Besides these events, Carpe Diem has had yoga classes conducted by Seby Akkara, book reading sessions for children conducted by Jugneeta Sudan, candle making workshops by Melanie Vaz, cupcake decorations by Emily, theatre workshops by Alfwold Silveira, a broken tiles mural and cold ceramics workshop by Ramdas Gadekar, a drum and rhythm workshop by Xisto Pais, A nutrition seminar by Ryan Fernando from Qua Nutrition, a drum circle event by Music Matters, creative workshops from waste products by Tara Trust, photography sessions, a film screening, kid’s ‘art’ birthday parties where art activities are organised for the kids, graffiti and creative writing and more. The classes and workshops are especially aimed at the local people and youth.

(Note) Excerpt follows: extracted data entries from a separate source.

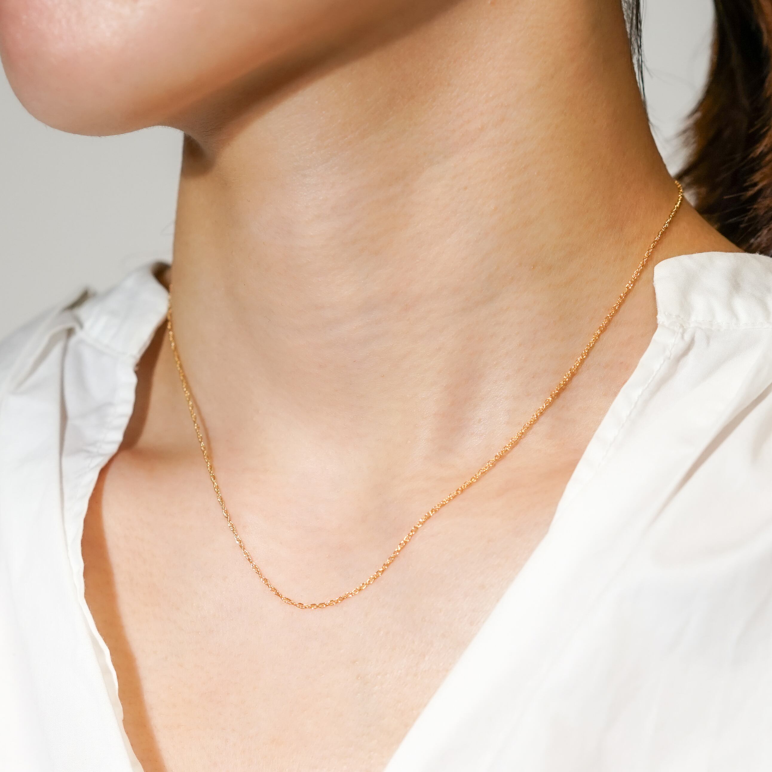 デコルテを美しく見せてくれる繊細なチェーンが織り成すシルエットは、軽やかで華奢なデザインながら長く愛用して頂けるネックレスです。シンプルながらも上品なスタイルを演出し、どんなコーディネートにもマッチします。 また、他のネックレスとのレイヤード使い(重ね付け)もオススメです。 14kgf(ゴールドフィルド)の素材ですべてお作りしているので、肌にも優しい仕上がりになっております。 【素材】 ALL 14kgf(ゴールドフィルド) 【サイズ 】 40cm ※ご購入の前に【GUIDE】を必ずご一読お願いいたします。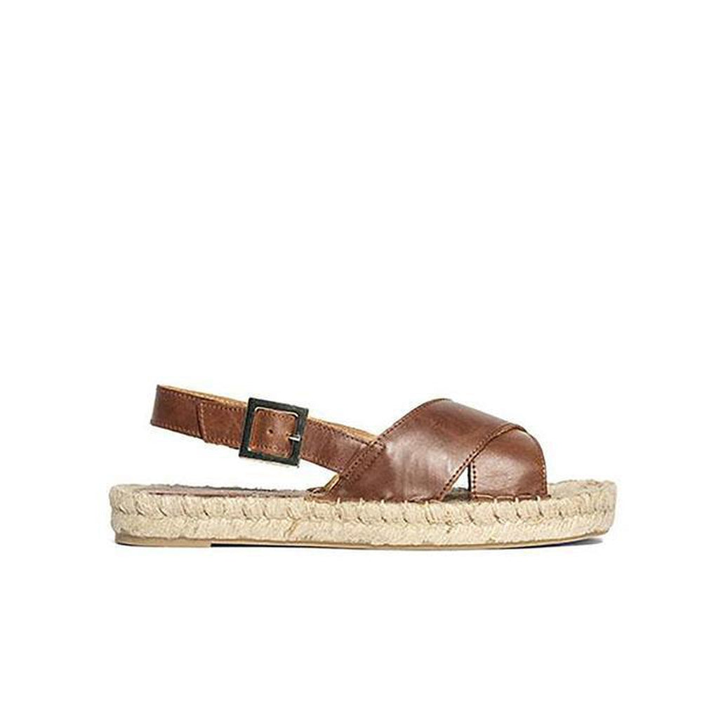 Sandale à semelle compensée fabriquée en 100% cuir. Avec un design croisé sur la pelle...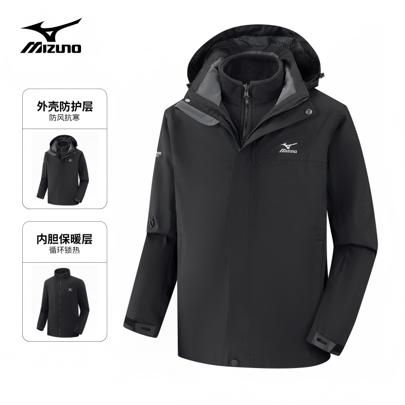 Mizuno/美津浓户外冲锋衣男硬壳,防水防风保暖三合一户外登山外套
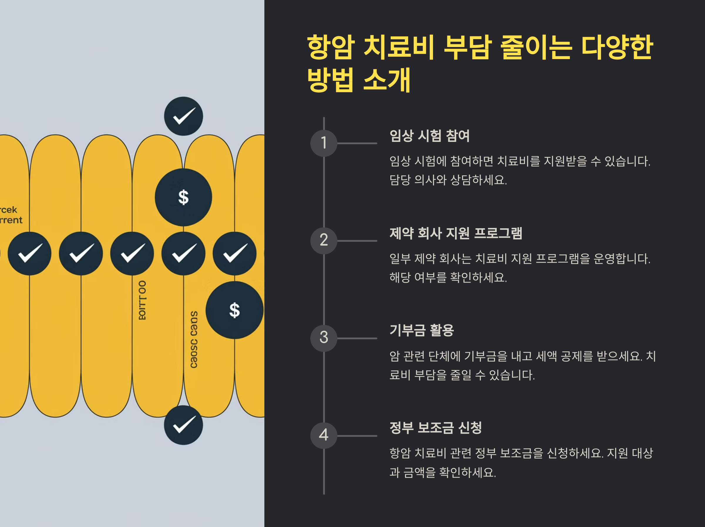 그럼 구체적으로 어떻게 하면 항암 치료비 부담을 줄일 수 있을까요? 👇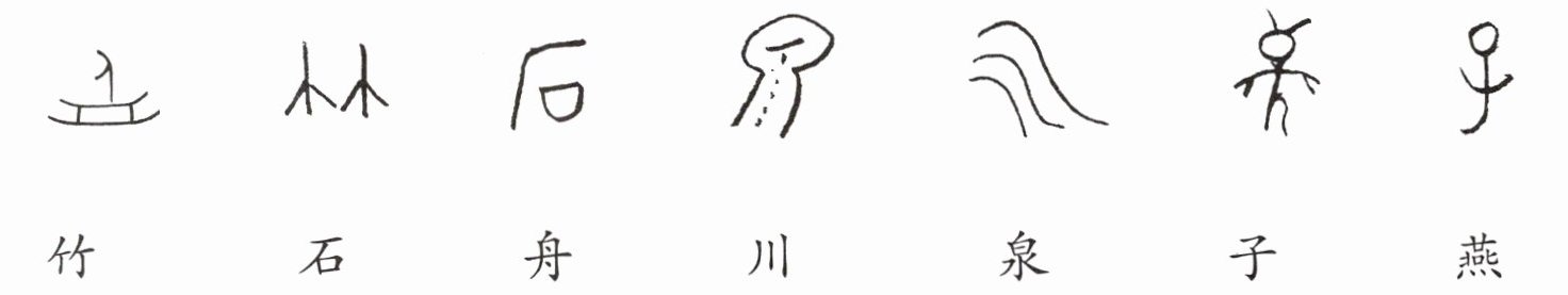 第一个古字(像竹的形状)连“竹”;第二个古字(像林的形状)连“林”;第三个古字(像石的形状)连“石”;第四个古字(像川的形状)连“川”;第五个古字(像泉的形状)连“泉”;第六个古字(像子的形状)连“子”;第七个古字(像燕的形状)连“燕”。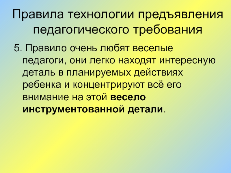 Слайд 5Правила технологии предъявления педагогического требования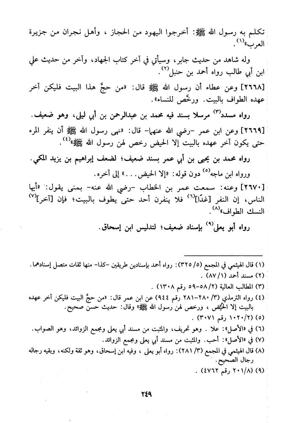 2669 - وعَنِ ابْنِ عُمَرَ- رَضِيَ اللَّهُ عَنْهُمَا- قَالَ: "نَهَى رَسُولُ اللَّهِ - صَلَّى اللَّهُ عَلَيْهِ وَسَلَّمَ - أَنْ يَنْفِرَ الْمَرْءُ حَتَّى يكون آخر عهده بِالْبَيْتِ إِلَّا الْحُيَّضُ رَخَصَّ لَهُنَّ رَسُولُ اللَّهِ - صَلَّى اللَّهُ عَلَيْهِ وَسَلَّمَ -".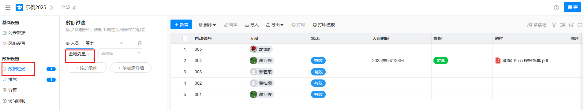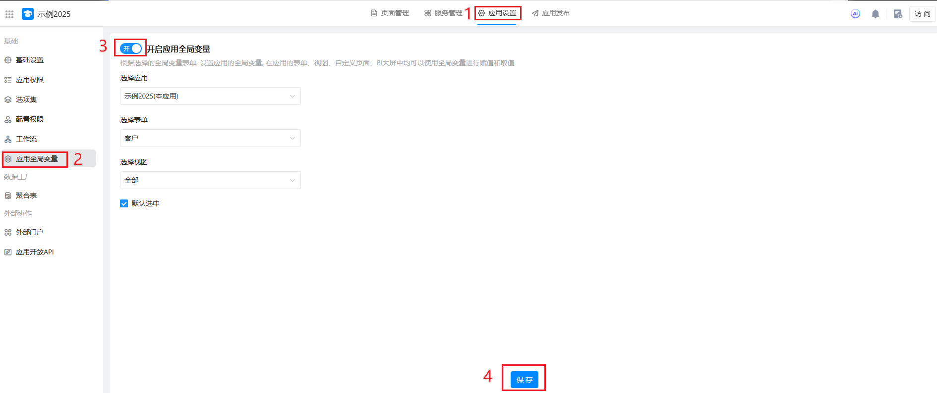 应用管理员进入「 应用设置 》应用全局变量 」开启“开启应用全局变量”,即可新建全局变量。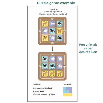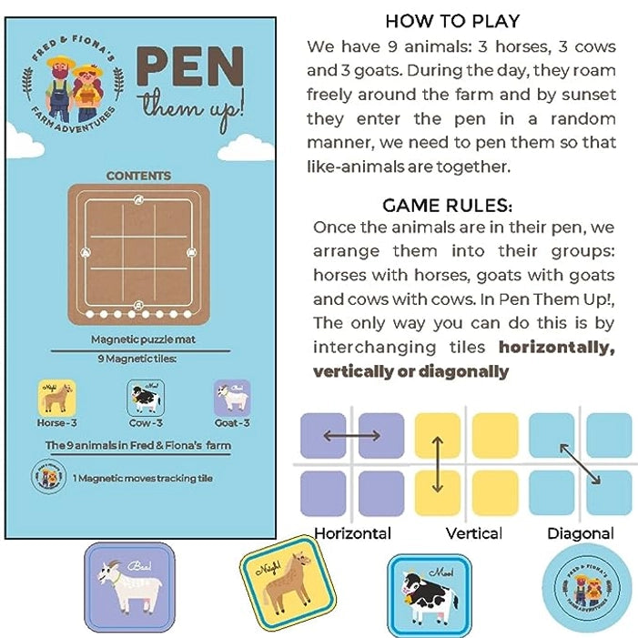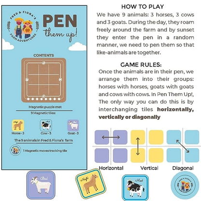 - The animals are represented in this challenging logic game by magnetic tiles and the pens are marked on a magnetic board.
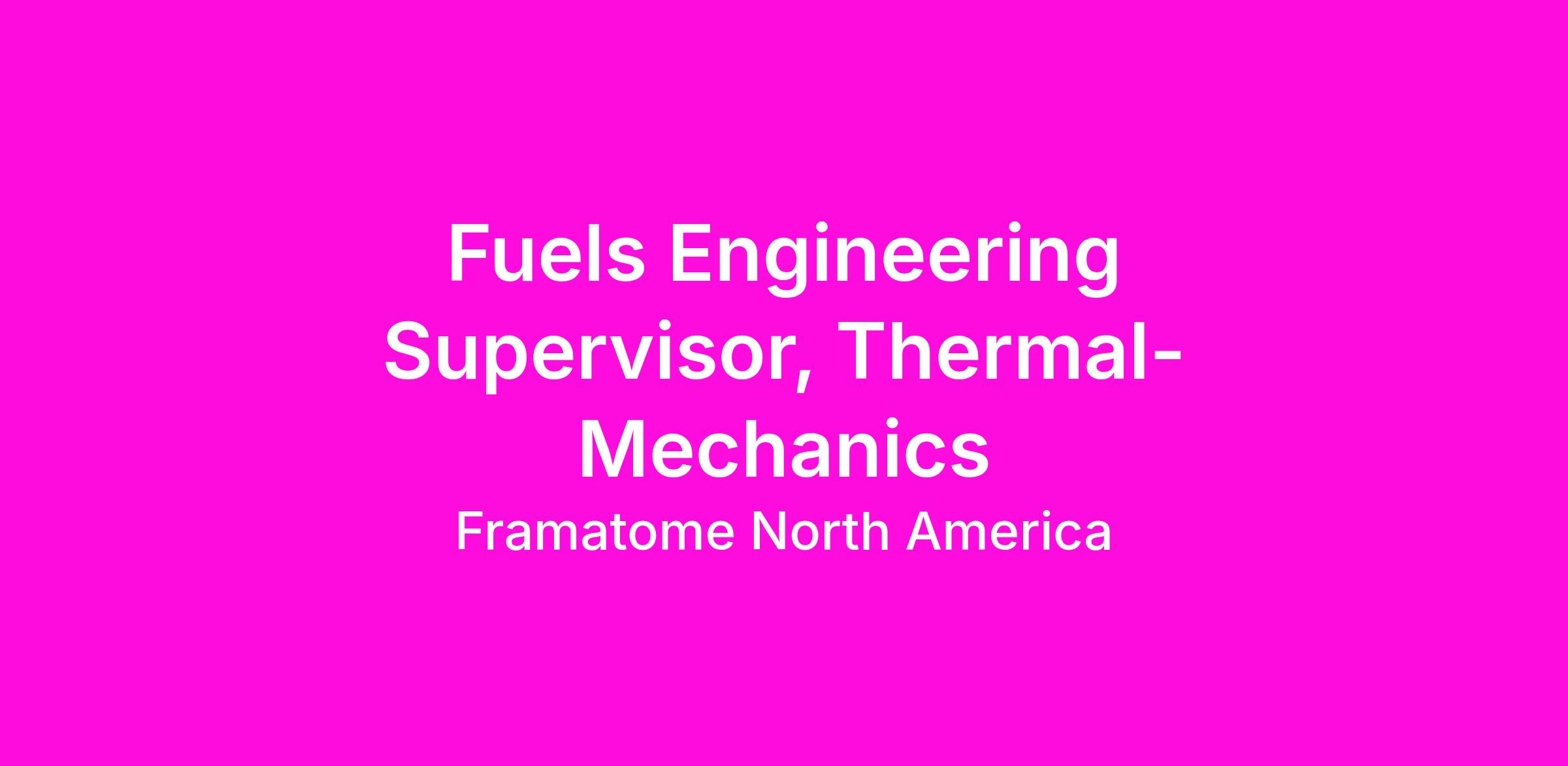 Fuels Engineering Supervisor, Thermal-Mechanics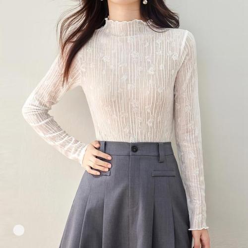 2019 여성용 할로우 아웃 레이스 블라우스, 터틀넥 메쉬 셔츠, 올 매치 레이디 상의, 풀오버, 브리프 이너, 907, 가을, 새로운 패션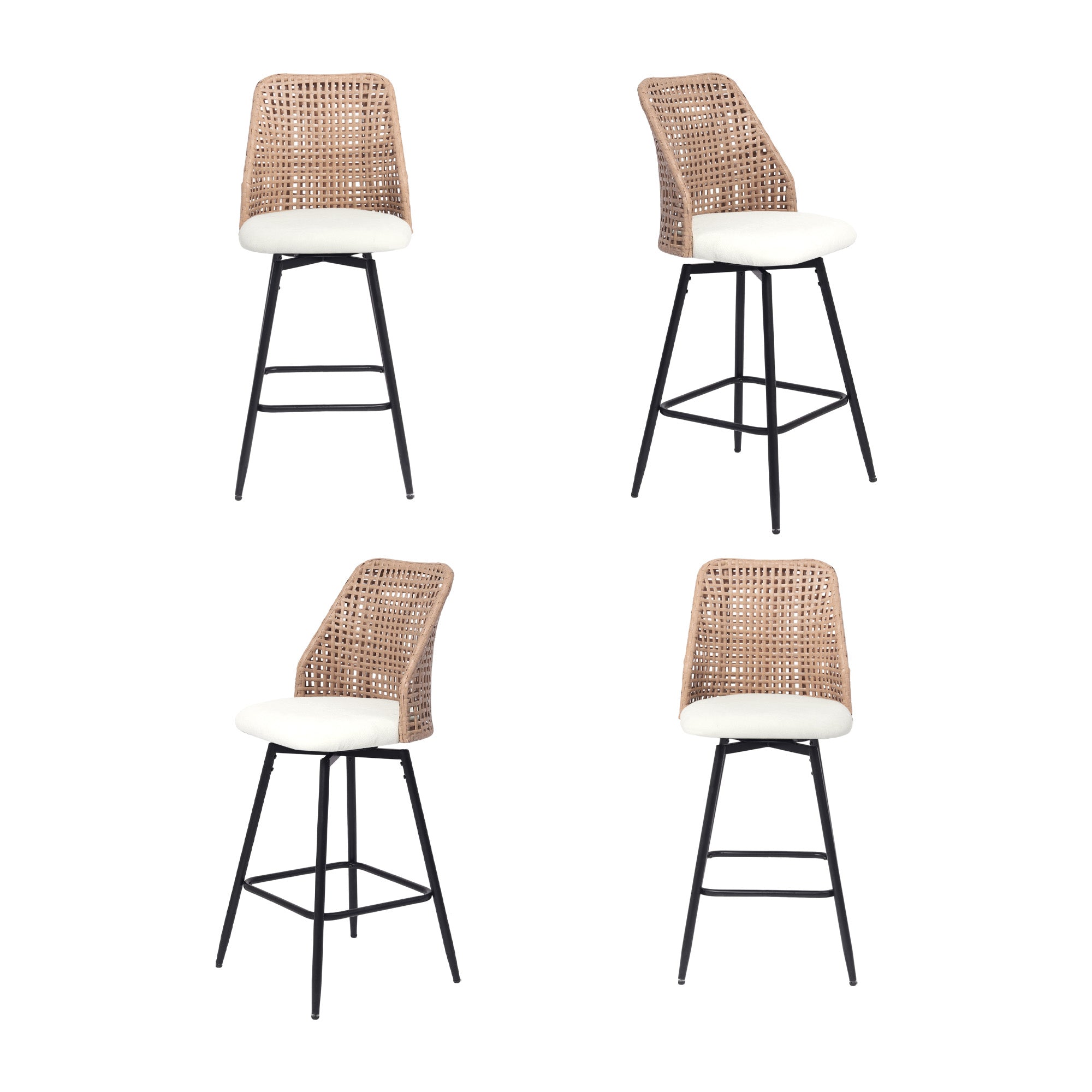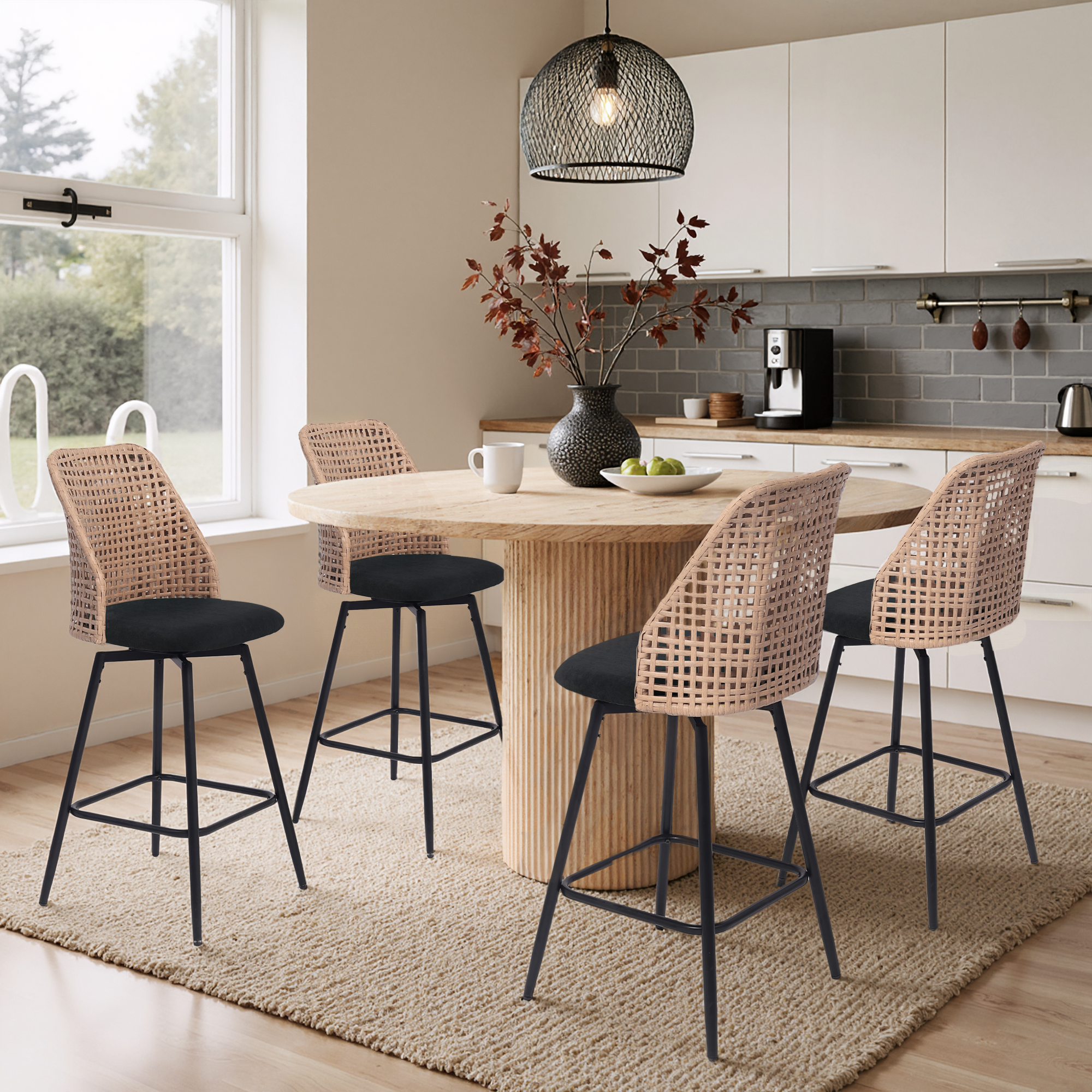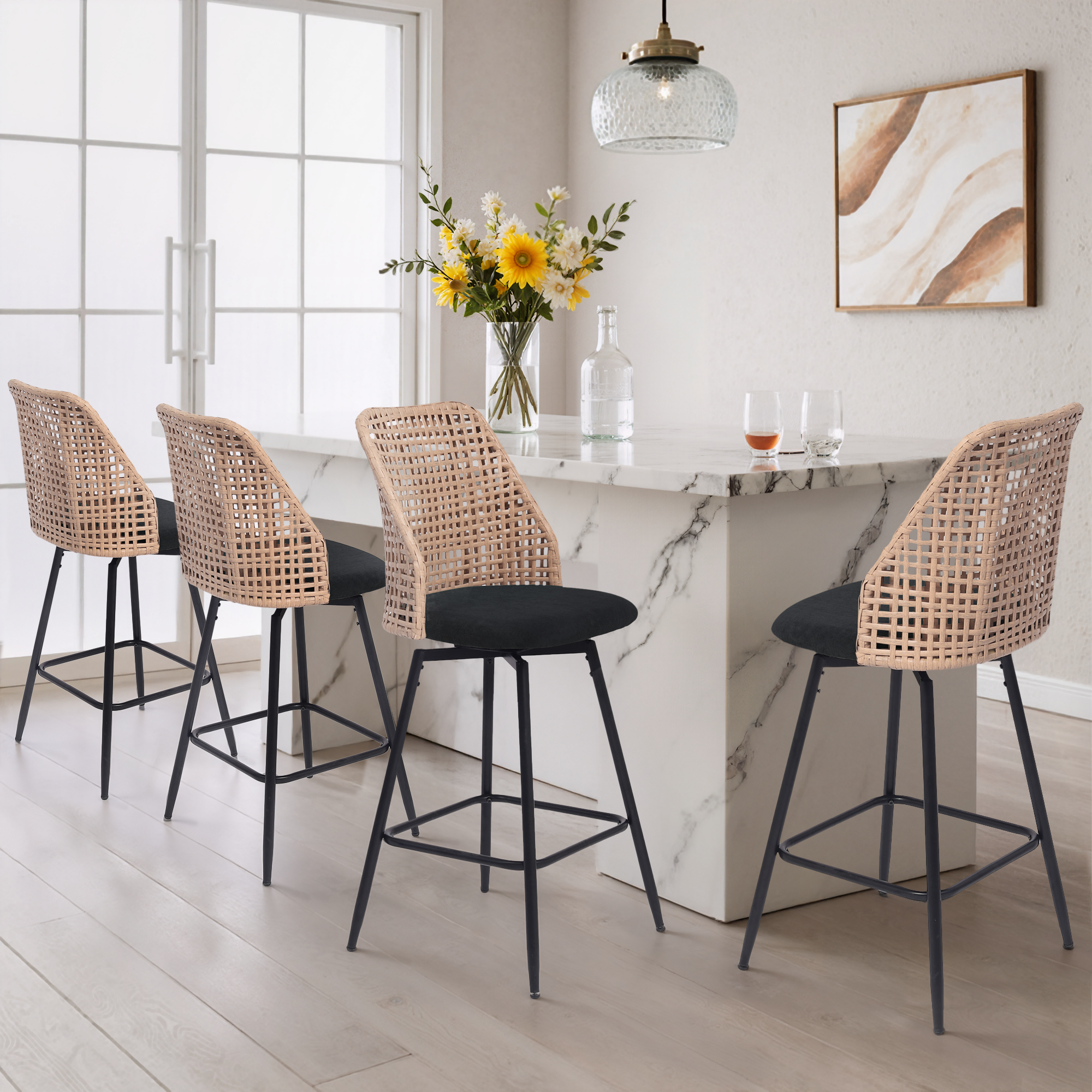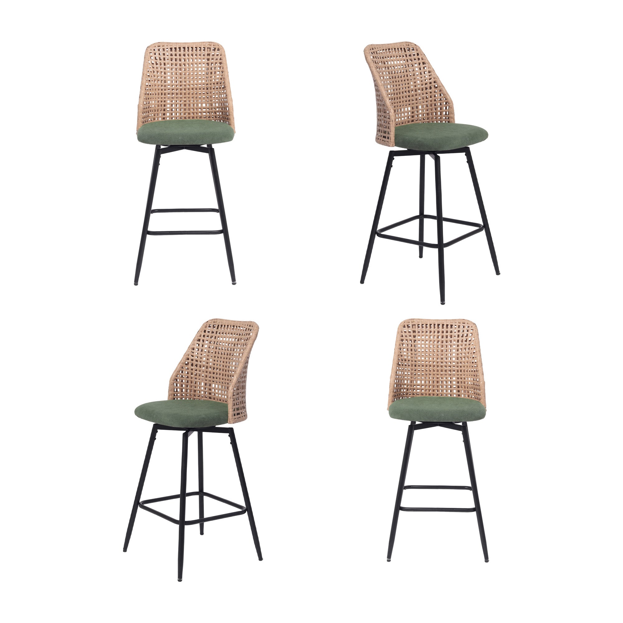 Spin from snack prep to conversation with our Ioneo Wicker Back Swivel Upholstered Bar Stools Set of 4. The mid-height backs use a wicker-style weaving technique that adds airy texture instead of bulk. Plush chenille over foam cushioning makes the round seats comfortable enough for lingering at bar height. A built-in 360-degree swivel plate lets you turn smoothly toward friends, counters, or screens. Slim metal legs, a square footrest, and adjustable levelers steady each 28.7-inch seat so your bar setup feels balanced.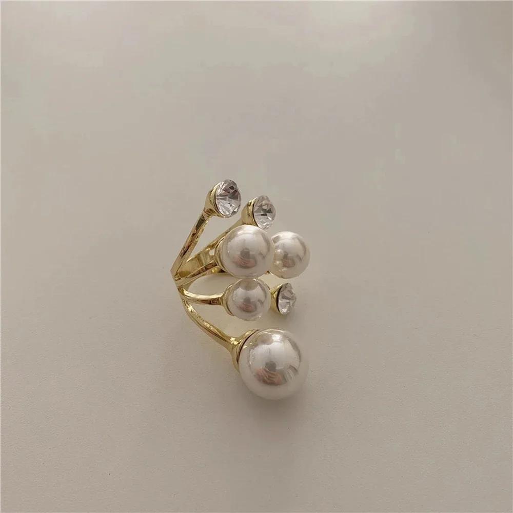 1 шт. Новое горячее Преувеличение Двухслойные Кольца с Крупным Жемчугом для Женщин Модные Аксессуары Вечеринка Шарм Кольцо Свадебные Ювелирные Изделия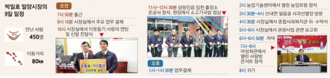 지난 9일, 박 시장의 바쁜 하루를 동행 취재하며 ‘38년간 준비한 시장’으로부터 밀양시 발전 방안과 구상도 틈틈이 들어봤다. 박 시장은 “밀양시 발전을 위해서는 농업·공업과 관광산업 등 3대 산업을 집중 육성해야 한다”고 강조했다. 그는 “밀양지역은 관광자원이 풍부하고 자연·지리적인 여건도 좋아 발전 잠재력이 충분하다”면서 “시장과 공무원이 앞장서고 시민들이 힘을 모으면 밀양 부흥을 반드시 이뤄낼 수 있다”고 자신감을 보였다.

In 2012, from the 18th of November to the 25th of November, an event called Hands for Children was held at Carpe Diem. It was an exhibition of a collection of paintings, which were the result of a workshop held at Carpe Diem in association with The Mustard Seed Art Company for their play Those Ragamuffins. These were the creative output of select Goan artists such as Rajendra Usapkar, Salvador Fernandes and Viraj Naik. The proceeds of the sale of the paintings were donated to Positive People, an NGO working for the cause of HIV+ children.
The art centre has come a long way in a short time. Carpe Diem will continue to buzz with activity during the months to come with self-defence classes for women, creative writing workshops, ceramic workshops, book reading sessions for kids and adults, candle making classes, etiquette classes, glass painting classes, cooking/ baking classes, theatre workshops, gardening workshops , seminars on fire safety, administering first aid, career guidance and motivational speaking. There will be a Christmas bazaar on 20th of December from 11 am to 4 pm, enabling the local people to display their creativity during the festive season. The centre is striving to do its best to make a difference in the lives of the people of Goa by stirring up their artistic sensibilities.